Aim of the task: Without reproducing any image, print the listing below exactly.

Data:
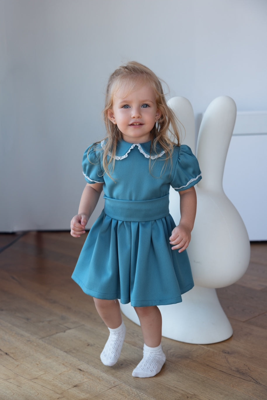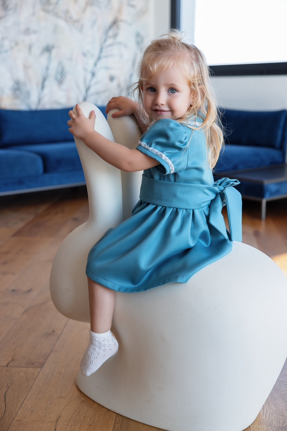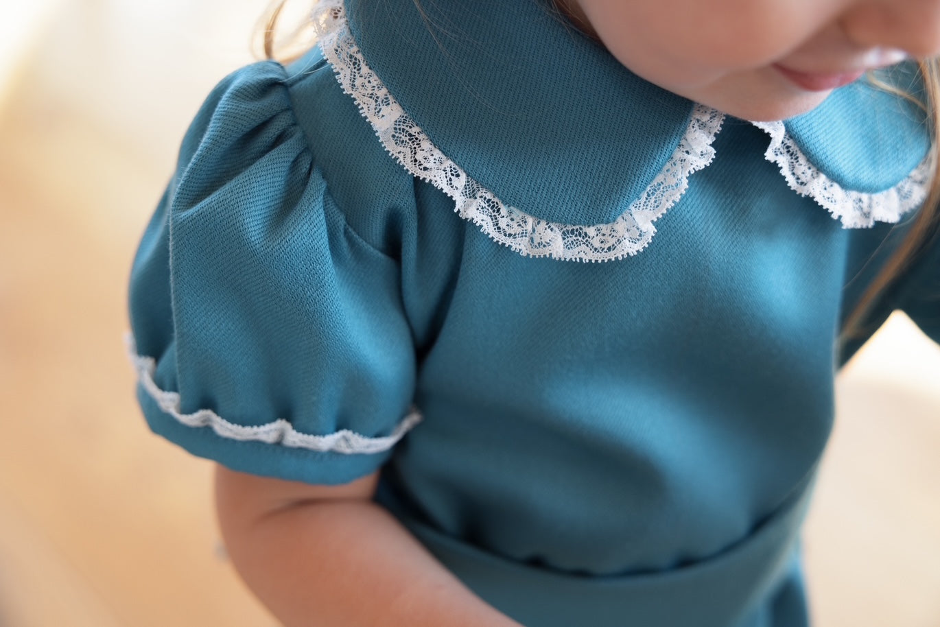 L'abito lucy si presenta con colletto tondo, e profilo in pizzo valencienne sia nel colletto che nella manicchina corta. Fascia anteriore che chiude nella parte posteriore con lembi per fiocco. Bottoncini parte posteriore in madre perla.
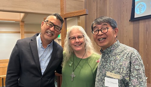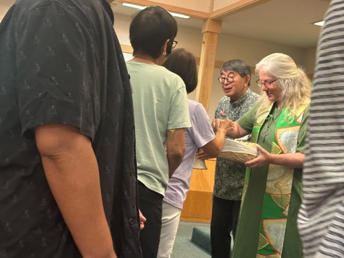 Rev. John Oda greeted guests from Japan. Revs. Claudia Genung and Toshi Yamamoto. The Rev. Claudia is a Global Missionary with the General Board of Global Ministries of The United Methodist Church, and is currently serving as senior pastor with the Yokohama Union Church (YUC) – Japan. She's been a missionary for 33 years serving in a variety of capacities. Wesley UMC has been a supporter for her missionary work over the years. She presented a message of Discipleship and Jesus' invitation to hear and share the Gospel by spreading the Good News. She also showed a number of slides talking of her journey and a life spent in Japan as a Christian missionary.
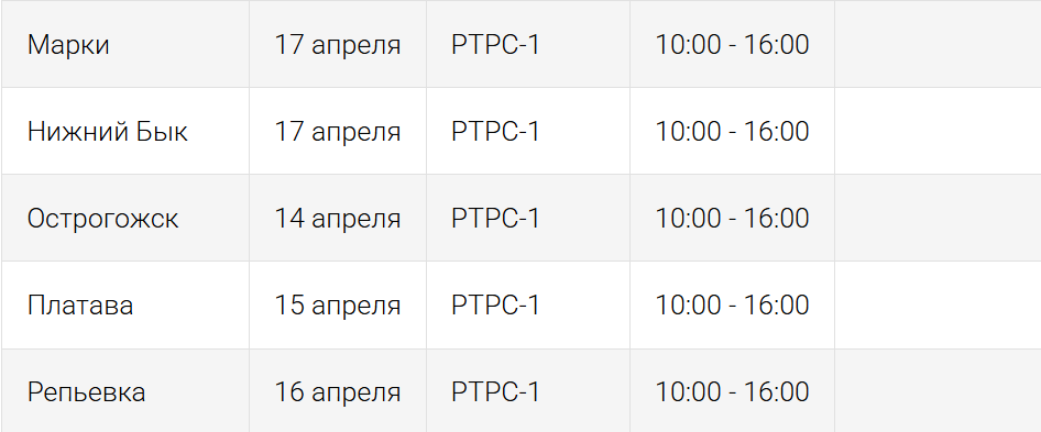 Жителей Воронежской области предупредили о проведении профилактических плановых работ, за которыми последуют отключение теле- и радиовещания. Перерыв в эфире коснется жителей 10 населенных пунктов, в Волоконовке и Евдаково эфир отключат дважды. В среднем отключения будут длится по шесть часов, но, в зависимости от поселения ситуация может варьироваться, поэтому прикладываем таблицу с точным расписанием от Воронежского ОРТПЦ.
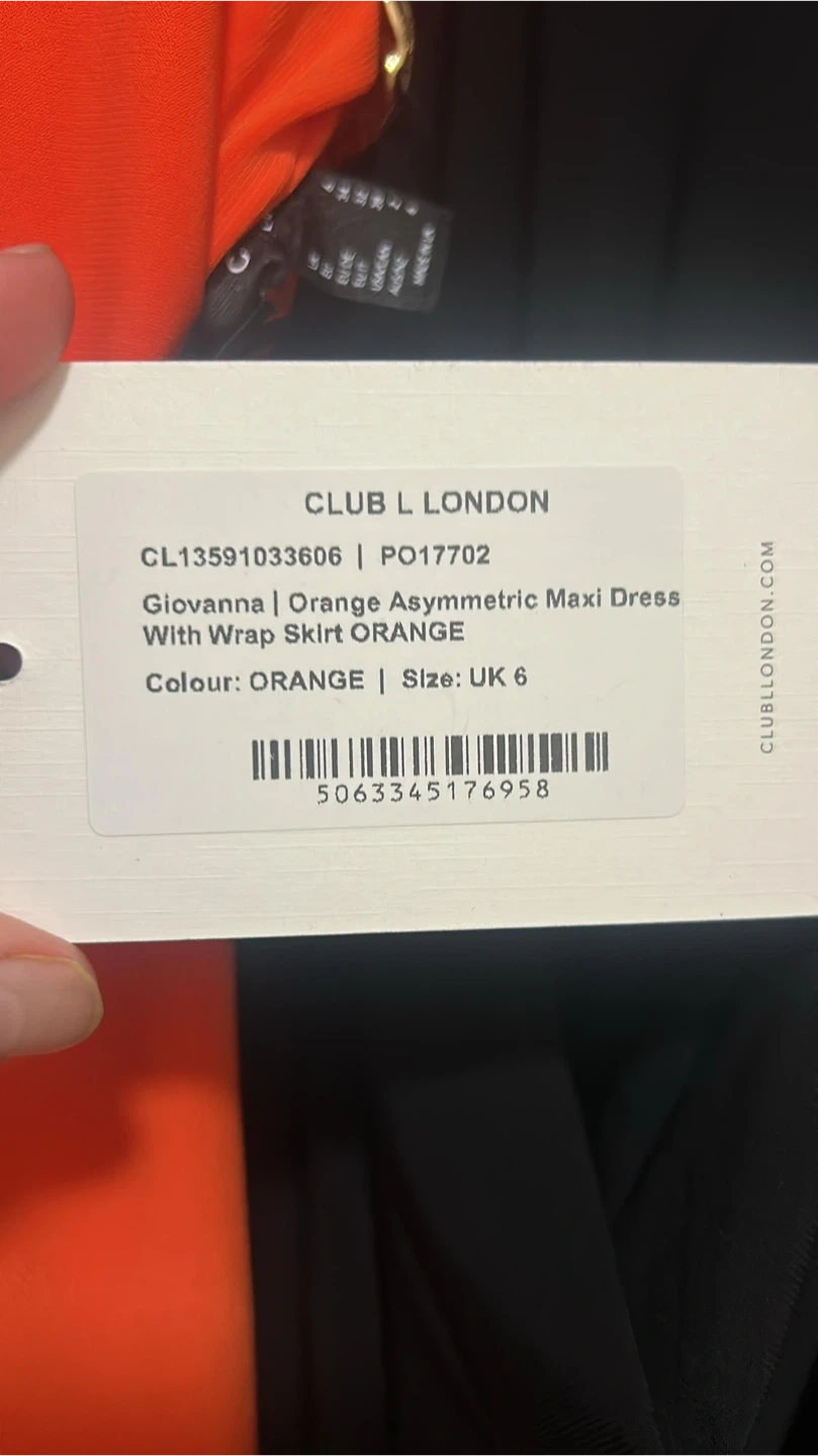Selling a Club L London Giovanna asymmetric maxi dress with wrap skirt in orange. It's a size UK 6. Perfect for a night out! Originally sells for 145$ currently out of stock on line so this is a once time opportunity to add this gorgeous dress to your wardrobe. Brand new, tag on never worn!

Expected output:
 L'abito lucy si presenta con colletto tondo, e profilo in pizzo valencienne sia nel colletto che nella manicchina corta. Fascia anteriore che chiude nella parte posteriore con lembi per fiocco. Bottoncini parte posteriore in madre perla.
 Rev. John Oda greeted guests from Japan. Revs. Claudia Genung and Toshi Yamamoto. The Rev. Claudia is a Global Missionary with the General Board of Global Ministries of The United Methodist Church, and is currently serving as senior pastor with the Yokohama Union Church (YUC) – Japan. She's been a missionary for 33 years serving in a variety of capacities. Wesley UMC has been a supporter for her missionary work over the years. She presented a message of Discipleship and Jesus' invitation to hear and share the Gospel by spreading the Good News. She also showed a number of slides talking of her journey and a life spent in Japan as a Christian missionary.
 Жителей Воронежской области предупредили о проведении профилактических плановых работ, за которыми последуют отключение теле- и радиовещания. Перерыв в эфире коснется жителей 10 населенных пунктов, в Волоконовке и Евдаково эфир отключат дважды. В среднем отключения будут длится по шесть часов, но, в зависимости от поселения ситуация может варьироваться, поэтому прикладываем таблицу с точным расписанием от Воронежского ОРТПЦ.
Selling a Club L London Giovanna asymmetric maxi dress with wrap skirt in orange. It's a size UK 6. Perfect for a night out! Originally sells for 145$ currently out of stock on line so this is a once time opportunity to add this gorgeous dress to your wardrobe. Brand new, tag on never worn!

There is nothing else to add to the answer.